Santi Cazorla, Yann M’Vila, Hugo Lloris and many other players have been linked with transfers to Arsenal this summer, but this is only half the story.
Most of our attention is placed firmly on the possibility of new faces during transfer windows and rumours are abound over the latest stars to make a big-money switch.
The Gunners are no different and manager Arsene Wenger has indicated this week that he is ready to spend some of the club’s millions on more stars.
However, a club can only do this if they have space in the squad and room to manoeuvre on the wage bill.
This is especially prescient for the Emirates Stadium outfit; what with the vacillating experience of last season.
Wenger’s team suffered the club’s worst start to a season in decades, having to relying on the profligacy and stuttering form of local rivals Tottenham Hotspur.
Financial constraints stemming from the move to their new stadium have meant Wenger’s means for spending were limited, but a wage structure that rewarded young players early has also hampered the signing of new players.

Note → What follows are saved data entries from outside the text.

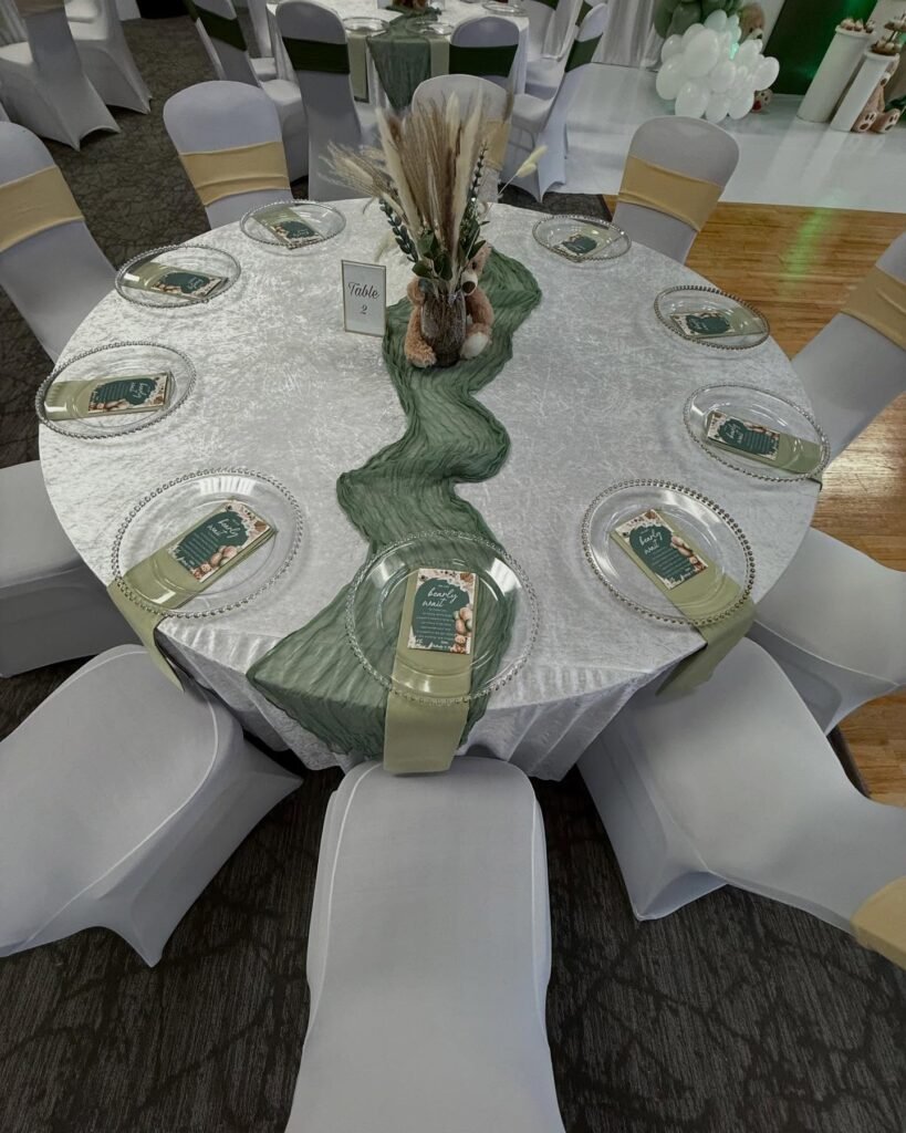 This round guest table features a white textured tablecloth and a long, crinkled sage green fabric runner. Clear beaded chargers hold “Bearly Wait” menus, and a centerpiece of pampas grass and a tiny teddy bear sits in the middle. The use of clear plates allows the sage green napkins and menus to really stand out.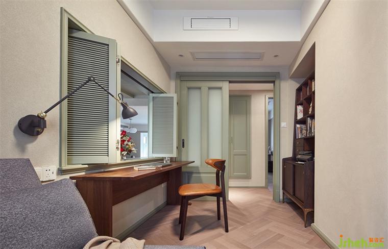 由于整个环境都是随时随地阅读的方式,书房取缔了大大的书柜,深圳家居设计呈现给我们的是简洁干净,客厅与餐厅的一扇窗打开了空间联动,通透。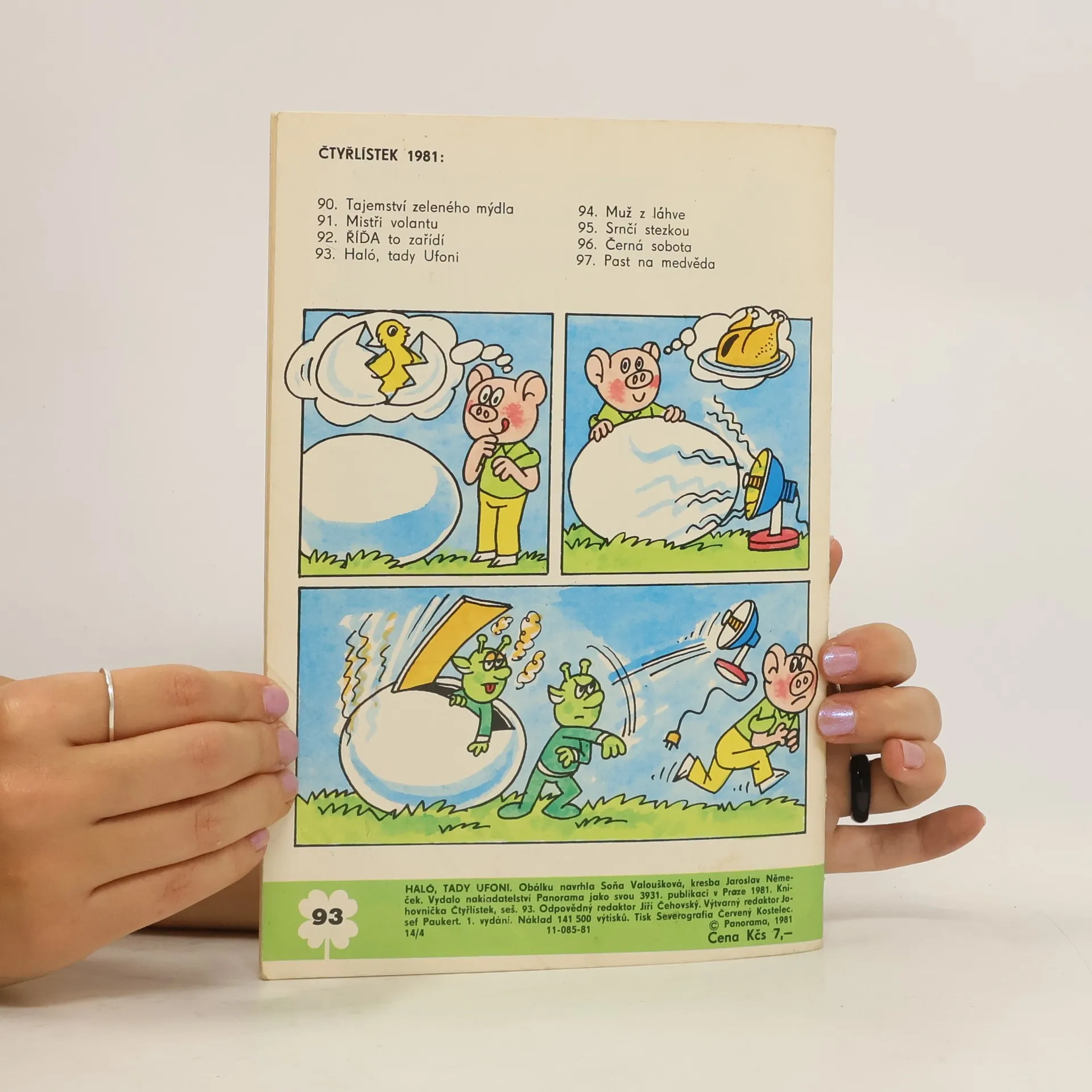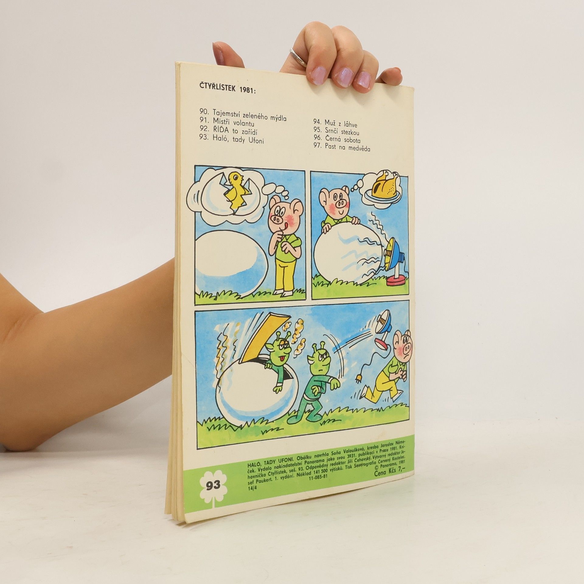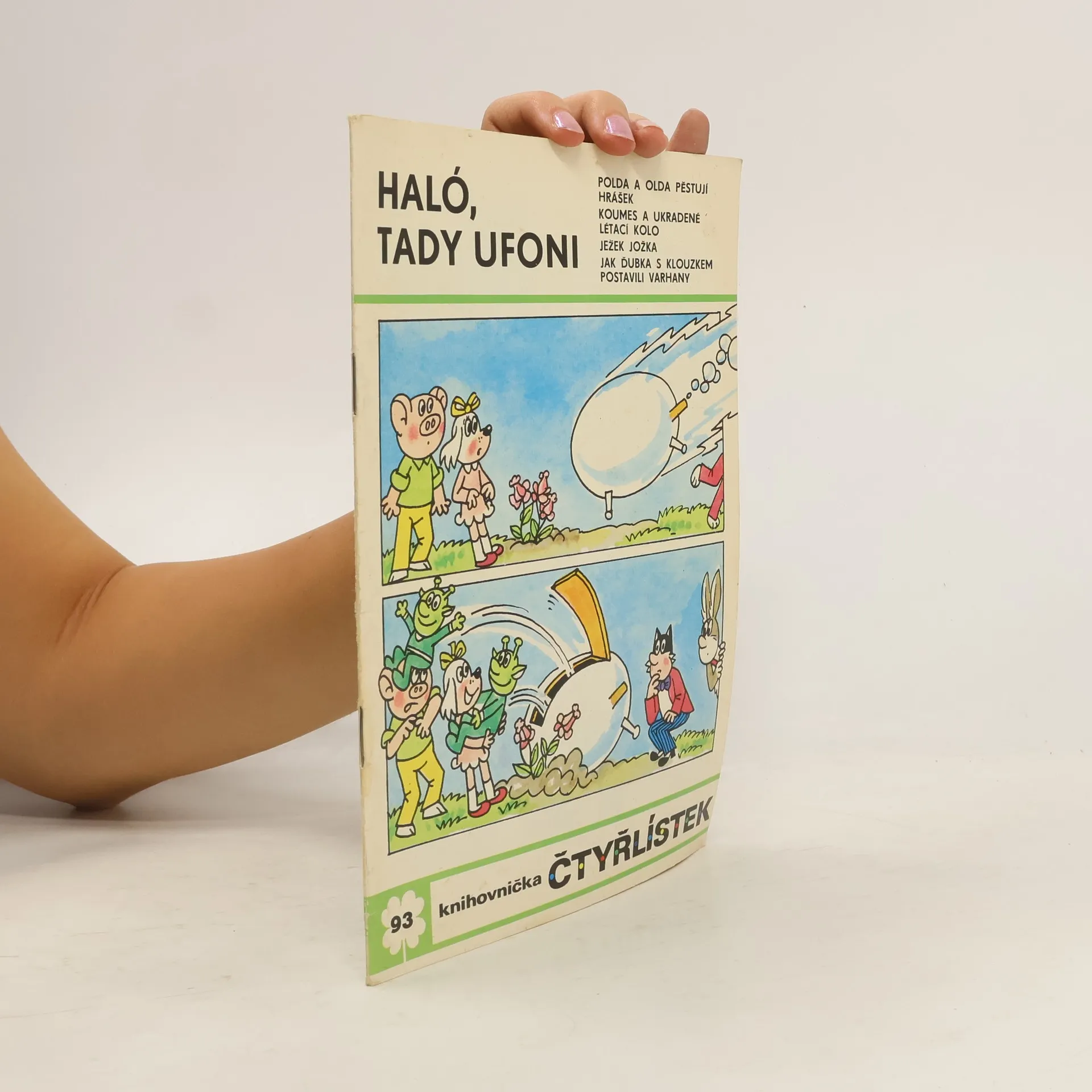 93. díl oblíbené série. Příběh Čtyřlístku Haló, tady ufoni - Ljuba Štíplová, Jaroslav Němeček. Dále Polda a Olda pěstují hrášek - Petr Chvojka, Jaroslav Malák, Koumes a ukradené létací kolo - Vladimír Kliman, Sylvie Vodáková . Ježek Jožka - Ladislav Čapek a Jak Ďubka s Klouzkem postavili varhany - Jaroslav Cita.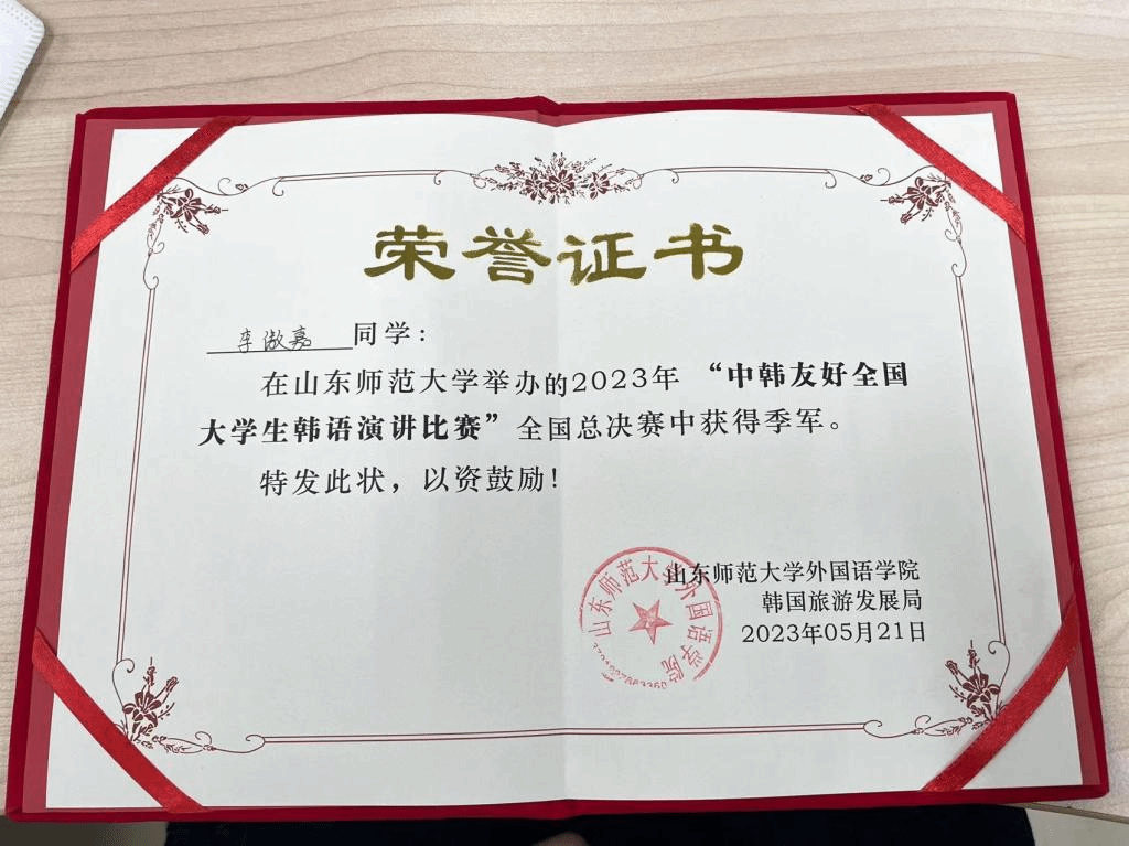 在5月21日举行的全国总决赛中,李傲嘉同学延续了出色的发挥。虽然学习韩国语尚不满两年,且面对众多高年级竞争对手,李傲嘉同学仍凭借扎实的韩语功底、出色的语言表达和敏捷的应变能力,得到评委们的高度评价,在参加决赛的15位选手中名列前茅,最终获得全国总决赛季军的佳绩。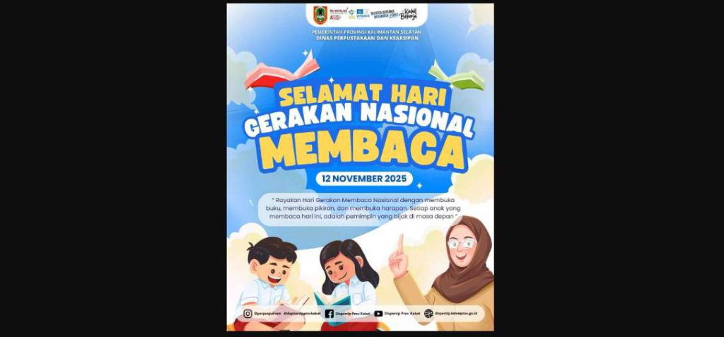 “Rayakan Hari Gerakan Membaca Nasional dengan membuka buku, membuka pikiran, dan membuka harapan. Setiap anak yang membaca hari ini, adalah pemimpin yang bijak di masa depan,” ungkap Kepala Dispersip Kalsel Sri Mawarni, melalui akun resmi Diseprsip Kalsel, Rabu (12/11/2025).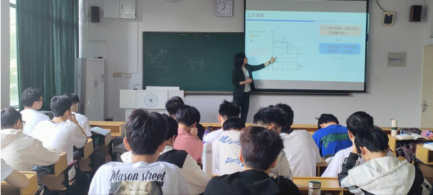 5月9日,新能源系蔡佳佳老师在教一310开讲《工程热力学》“课程思政”公开课,授课对象为新能源科学与工程的本科生,学院党委书记谢文平深入课堂和能动系相关青年教师一起听取了此次公开课。教学内容围绕“压气机的热力工程”开展,课上通过实物演示教学,让学生们直观地认识了压气机的种类及构造;从格力空调的核心科技之一-三缸两级压缩机入手,让同学们了解压缩机的用途,认识到创新能力的重要性;再过渡到新能源中压缩空气储能所用压气机的规格等,让学生掌握压气机的选型方式。通过一系列思政元素的引入,在激发了学生的学习兴趣的同时也让前期掌握了压气机分类、工作原理及工作效率等专业知识,实现“如盐入水”的教学效果。通过介绍陈懋章院士在压气机领域的重要成果,勉励学生奋发向上,努力将已之所学转化为国之所需,激励学生成才。课后,还与在场其他教师就教学内容、形式及学生学习效果进行了的交流和探讨,明确了授课教师未来课程思政教学的建设方向,有助于不断提高人才培养质量、提升立德树人成效。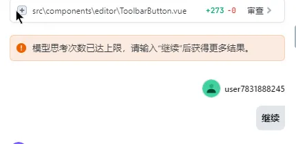 中间过程过长,会触发思考上限,需要人工“继续”。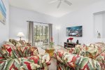 The living area has a 58 Inch HD LED Smart TV connected to cable providing over 100 channels of entertainment. If this is not enough, there is a DVD player and host of DVDs in our library.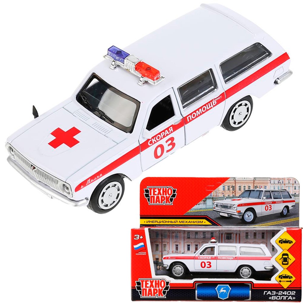 Модель 2402-12AMB-WH ГАЗ-2402 Волга Скорая белая Технопарк в коробке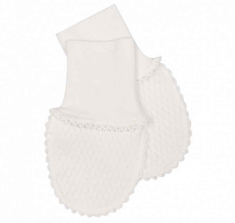 Основная функция рукавичек для новорожденного – предохранение от случайных царапин собственными ногтями. Это миниатюрные варежки без пальчиков с эластичной манжетой, которая препятствует сползанию с руки, ажурная текстура ткани позволяет маленьким ладошкам не потеть в жаркий летний период.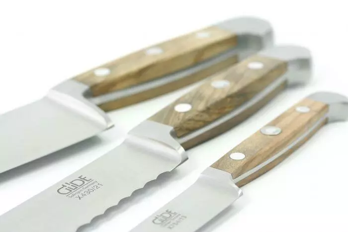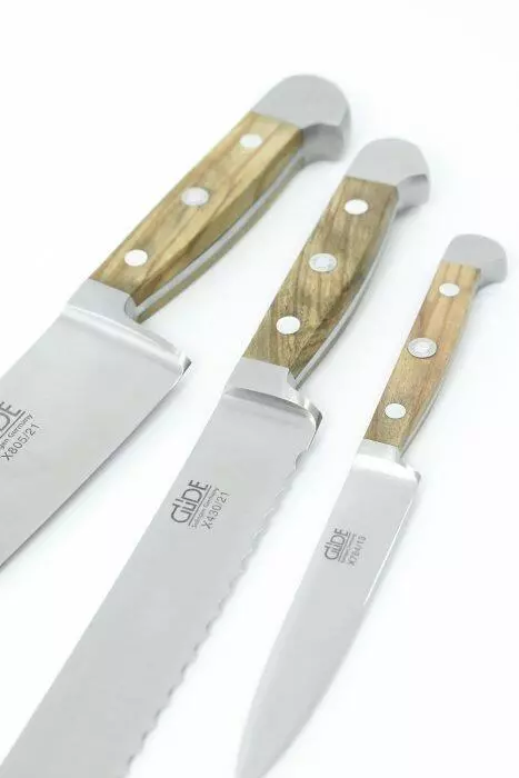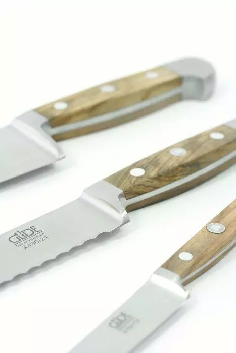 Güde Alpha Olive bestehen aus bis zu 500 Jahre altem, ausgesuchtem Olivenholz, welches sehr hart, witterungsfest, stark gemasert und dadurch besonders elegant ist. Rostfrei, eisgehärtet, handgeschärft – nicht spülmaschinenfest. Das sind die Güde Messer aus der Serie Alpha Olive.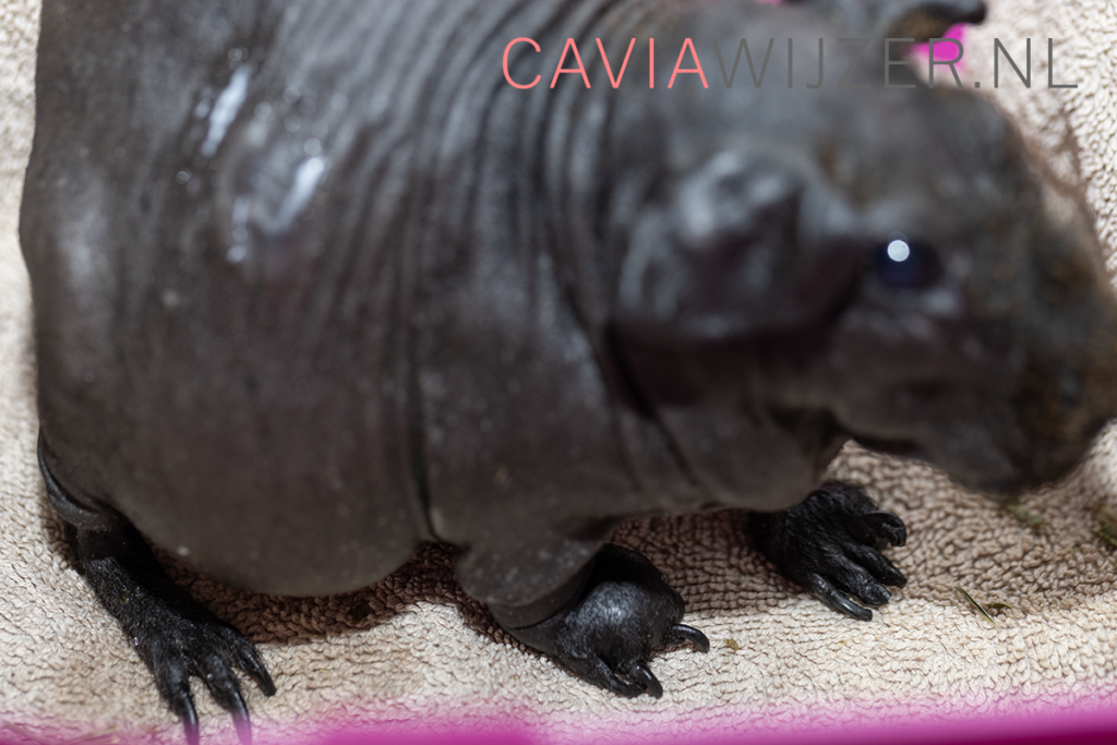 Pododermatis – het medische woord voor voetzoolontsteking kun je herkennen aan een dikkere, opgezwollen poot of meerdere pootjes (zie foto 1). De cavia kan wat moeilijker lopen of zitten. Pododermatitis komt relatief veel voor bij skinny cavia’s.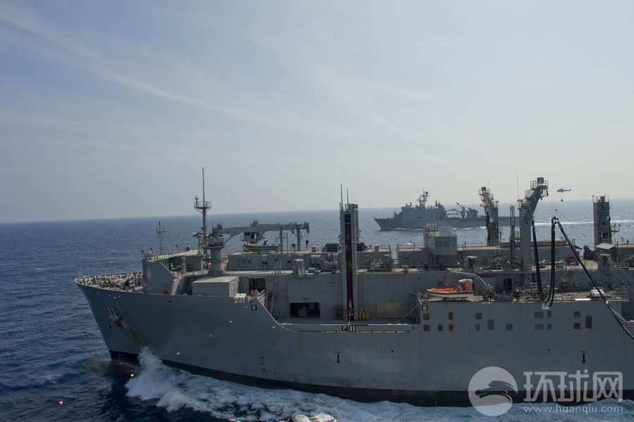 演習(xí)中美軍補給艦演練海上垂直補給

For a man whose shrewdness in spotting talent is famed, Wenger has seen his faith in some of his young charges turn out to be misplaced and the salaries that came with it are proving to be a major stumbling block.
Cutting adrift players you have realised won’t make the grade is a regular part of football, but Arsenal’s well intentioned wage set up was not.
They seem to be prepared to spend considerably on improving the squad this summer, but the accounts aren’t so flush that they are able to recruit quality at a higher rate of pay and not have to cut loose some of the deadwood.
Brazilian midfielder Denilson is a prime example of the Gunners not being able to get rid of a player due to his sizeable salary. The 24-year-old has fallen well out of favour at the club and his loan move back to Sao Paulo was obviously an attempt to lure a buyer.
It didn’t work though, and now he has returned on loan to the club Arsenal bought him from for £3.4million in 2006 for another year, due to a lack of interest and the Brazilians being unable to afford both his wages and a transfer fee.
Sebastien Squillaci is what can safely be called a flop since his arrival from La Liga club Sevilla in 2010 and has only played when injuries have forced Wenger to pick him, or when a rest was needed for the more in favour defenders.
Wages, again, is the issue and a potential move to newly promoted Ligue 1 side Bastia fell through due to the two parties failing to find an agreement.
Carlos Vela has all but completed as move to Real Socieded (he was another long-term loanee), but Arsenal were reportedly forced to lower their asking price due to the Spanish club being in a similar situation to Sao Paulo.
Many reports have suggested an exceptionally high sell-on fee was agreed to resolve the issue.
Nicklas Bendtner, despite his undoubted confidence, has struggled to find suitors but comments by his agent suggest a deal to leave is not far off.
Park Ju-Young, Marouane Chamakh, Henri Lansbury would be added to the list of those who appear to have come to the end of their time with the club, but none will be easy to shift because of the stature of clubs that want them not being able to afford them.
Nevertheless, it is the price the club will have to pay for a policy that has been kept to impressively, but has ultimately failed to produce the trophies that fans are desperate for.
The beginning of last season was the nadir of Wenger’s time in charge of Arsenal and, while they should be praised for finishing third in the Premier League, it is clear this summer will be one of significant transition.
Transition at a football club requires players to move in and out, so the failure to clear out unwanted bodies is a hindrance to any progress they intend to make.